Paralegals are often responsible for obtaining relevant and necessary documents from third parties, such as courts, hospitals and other institutions. Take our example from above, where retaining counsel has chosen a medical expert other than the medical professional that treated the client. The paralegal then has to get in touch with the physician or institution where those records are held, thoroughly collect all the necessary documents, then transmit them to the expert witness for review. When obtaining documents such as these:

  • Get a list of which documents the expert or attorney needs to avoid having to ask for the documents in pieces
  • Make sure you have complete name or name(s) of the client
  • Sometimes medical records may include middle names or maiden names
  • If there are multiple types of documents or those from many different dates, make easy labels, this will save time

Drafting Designations

In some instances, an attorney may ask a paralegal to draft for his review a document designating the expert to the court. This designation should include:

  • All of the expert’s identifying information
  • The expert’s CV
  • A brief summary of the subject matter on which he plans to give testimony
  • A brief summary of the facts and data used to form his opinion

Be Well-Informed

Given the close nature of the relationship between paralegals and attorneys, ethical considerations are always a prime concern. Paralegals always strive to maintain the integrity of the attorney or firm they represent and are also careful not to engage in an unauthorized practice of law. As a result it is crucial to be well-informed about the rules concerning paralegals’ activities and developments in the law. For example, an Ohio appeals court in 2006 held that an order compelling deposition of paralegal on issue of how experts’ reports were created did not violate the attorney work-product doctrine. Stanton v. Univ. Hosps. Health Sys., Inc., 843 N.E.2d 343 (Ohio 2006). As paralegals are the direct link between the attorney, expert witness and client, it is always best to err on the side of caution when concerning any correspondences between the paralegal and the expert witness.

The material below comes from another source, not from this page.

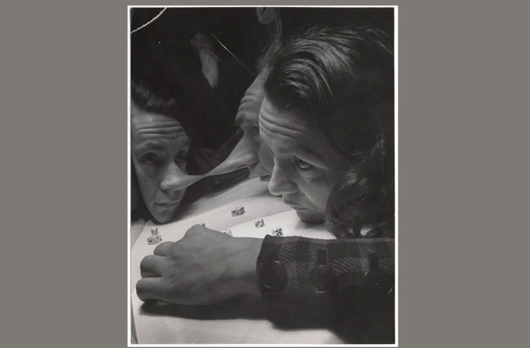 Anamorphose aux dés. Déformation obtenue à l'aide d'une plaque de chrome, vers 1935.

  • Always make sure the attorney approves of any written communications to the expert, as these are discoverable under the Federal Rules of Civil Procedure
  • Remind your expert to CC you on all correspondences with the attorney, especially concerning meeting times and related matters to avoid the chance of oversight

Expert Fees

One of the aspects of working with an expert witness that is solely within the duties of the paralegal is handling the expert’s fees. This can be complicated as an expert’s testimony may involve tests and studies that are part of the cost. Here is a helpful tool to get a sense of how expert fees work. Once you’ve selected an expert witness:

  • Be aware of their fee at the outset
  • Ask for the expert’s rate form or fee
  • Make sure the fee is reasonable
  • Be sure to include the cost of any studies or tests


In the machinery of litigation, paralegals are the pieces that connect all the other components. As a bridge between expert witnesses and attorneys, paralegals work closely with both and must be diligent, organized, prompt and resourceful. Coordinating so many different matters can be hectic and keeping all the parties, including the court, constantly updated can be tedious. This checklist was designed to serve as a quick “pocket-guide” of the most important things for paralegals to remember when working with an expert witness.